Amir was impatient. He said they’d talked about such matters in principle when they were in Hamburg, in the mosque and in the flat.

What about the others?

Amir said simply there are no others. The others exist only to the degree that they fill the role we have designed for them. This is their function as others. Those who will die have no claim to their lives outside the useful fact of their dying.

Hammad was impressed by this. It sounded like philosophy.

Two women rustling through a park in the evening, in long skirts, one of them barefoot. Hammad sat on a bench, alone, watching, then got up and followed. This was something that just happened, the way a man is pulled out of his skin and then the body catches up. He followed only to the street where the park ended, watching as they disappeared, brief as turning pages.

The windshield is birdproof. The aileron is a movable flap.

He prays and sleeps, prays and eats. These are dumb junk meals often taken in silence. The plot shapes every breath he takes.

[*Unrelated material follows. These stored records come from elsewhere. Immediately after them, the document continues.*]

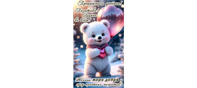 Теги:добрый день, день, мишка снег, зима, позитива, добра, лес, шарик, сердечко, позитив, приятных моментов, красивая картинка, пожелания на каждый день
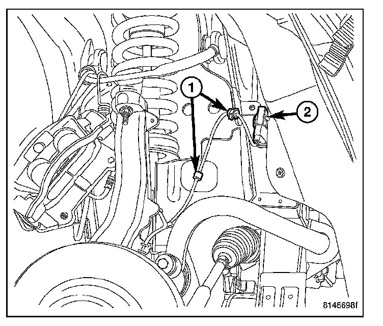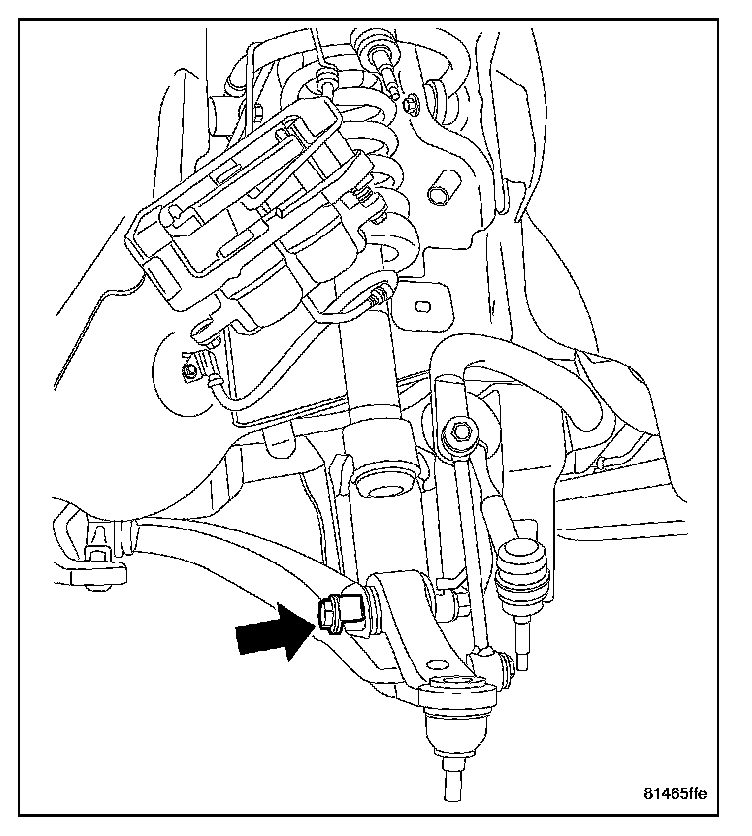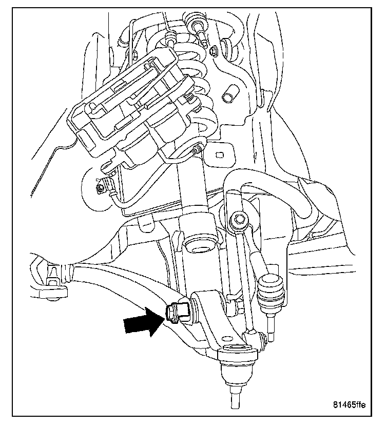 16. Install the upper ball joint nut (2).Tighten the nut to 81 N.m (60 ft.lbs.).
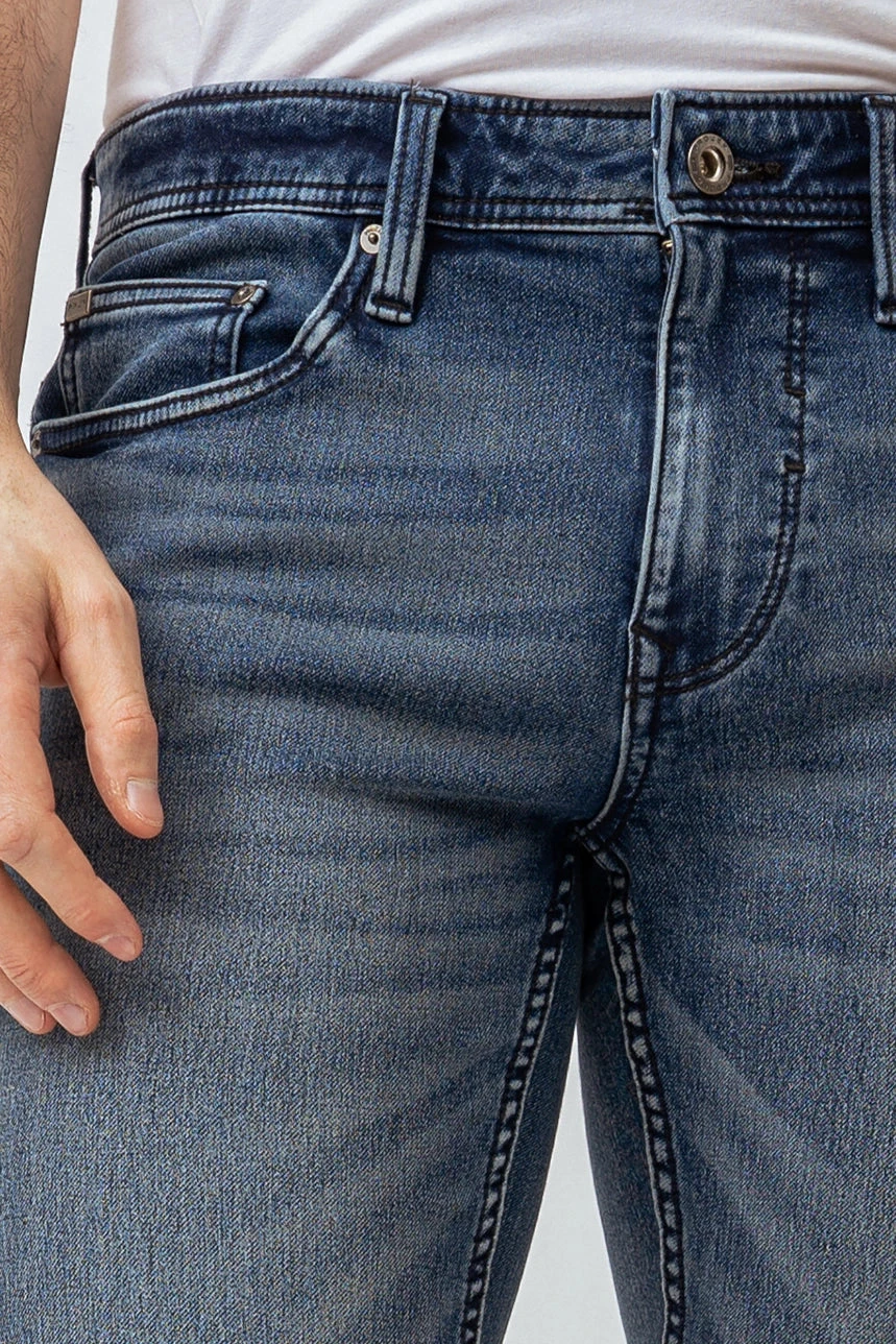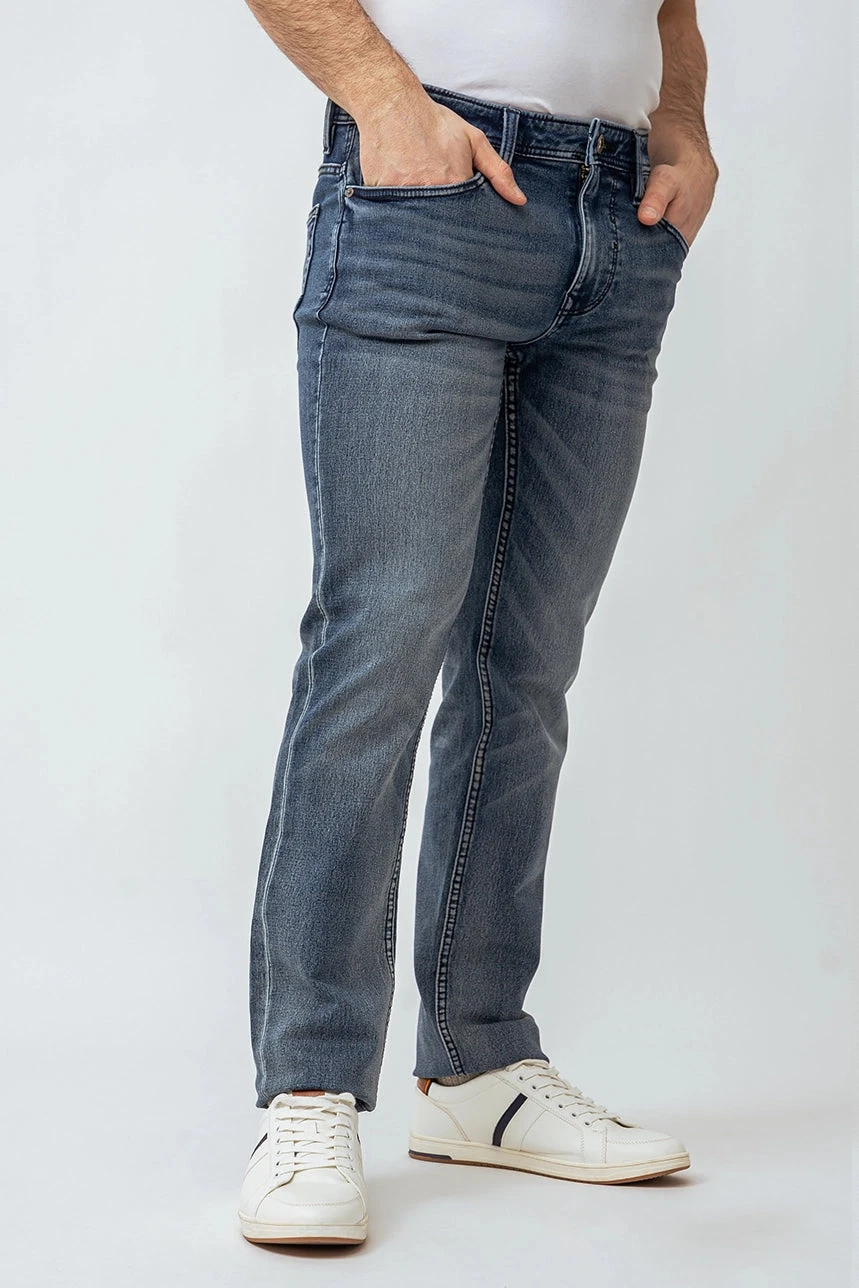 Adoptez un style décontracté avec le jeans droit délavé | Modèle Baru. Sa taille régulière, sa jambe droite et son denim délavé extensible offrent un ajustement confortable et un look intemporel. La bande de taille élastique assure un maintien optimal, parfait pour un confort au quotidien.
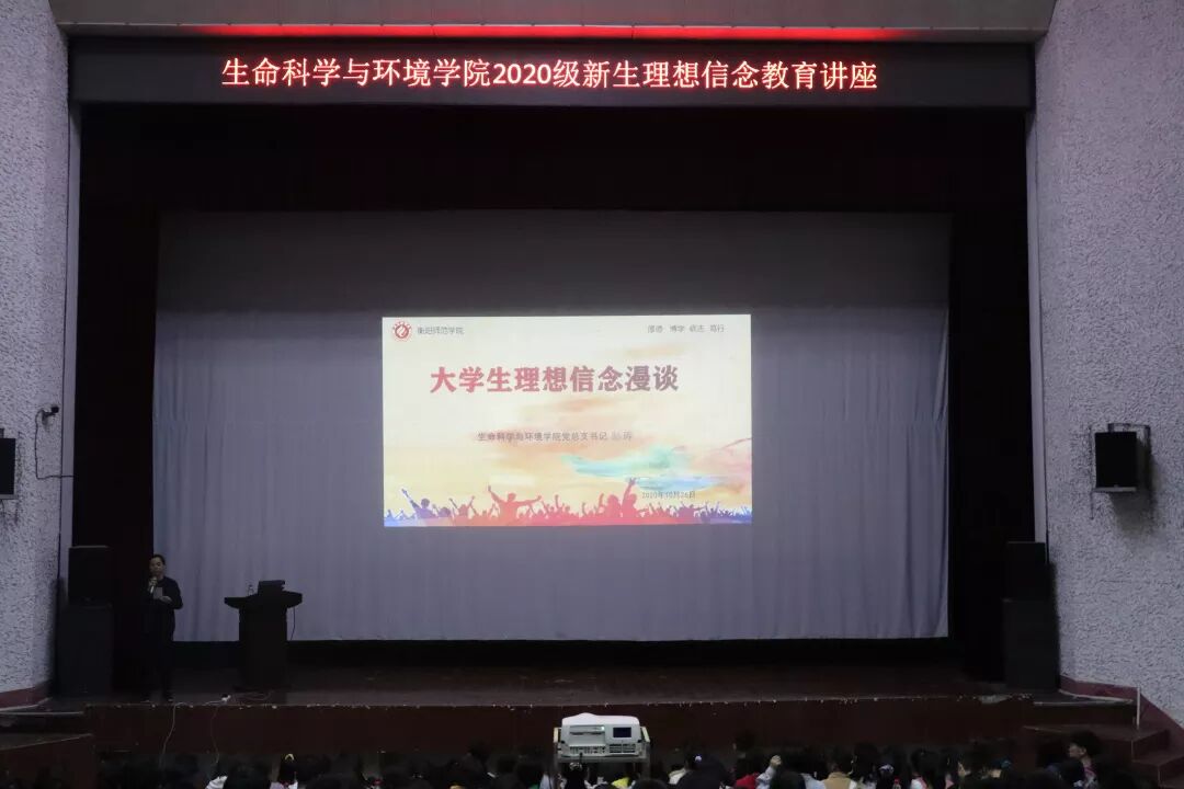 10月26日晚七点,生命科学与环境学院于西校区排演厅举办新生理想信念暨《学生手册》教育讲座。今年会官网党总支书记彭晖,辅导员老师唐乾翔任讲座主讲人。生环院20级全体学生到场聆听。
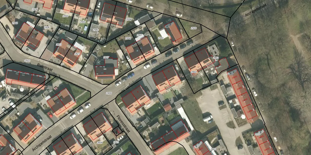 Het perceel waarop Archipelstraat 7 staat heeft een oppervlakte van 6935 m². Dit is een zeer groot perceel. De perceeloppervlakte wordt geregistreerd door het Kadaster. Gedetailleerde informatie over de maten van dit perceel kunt u vinden in het rapport Kadastrale kaart met maatvoering van Archipelstraat 7.

This is the truth he has always looked for without knowing how to name it or where to search. They are together. There is no word they can speak, he and the others, that does not come back to this.

One of them peels an orange and begins to pick it apart.

You think too much, Hammad.

Men spent years organizing secretly this work.

Yes, okay.

I saw, myself, these men walking through the camp when we are there.

Okay. But the thinking is done.

And the talking.

Okay. Now we do it.

He hands a slice of orange over to Hammad, who is driving.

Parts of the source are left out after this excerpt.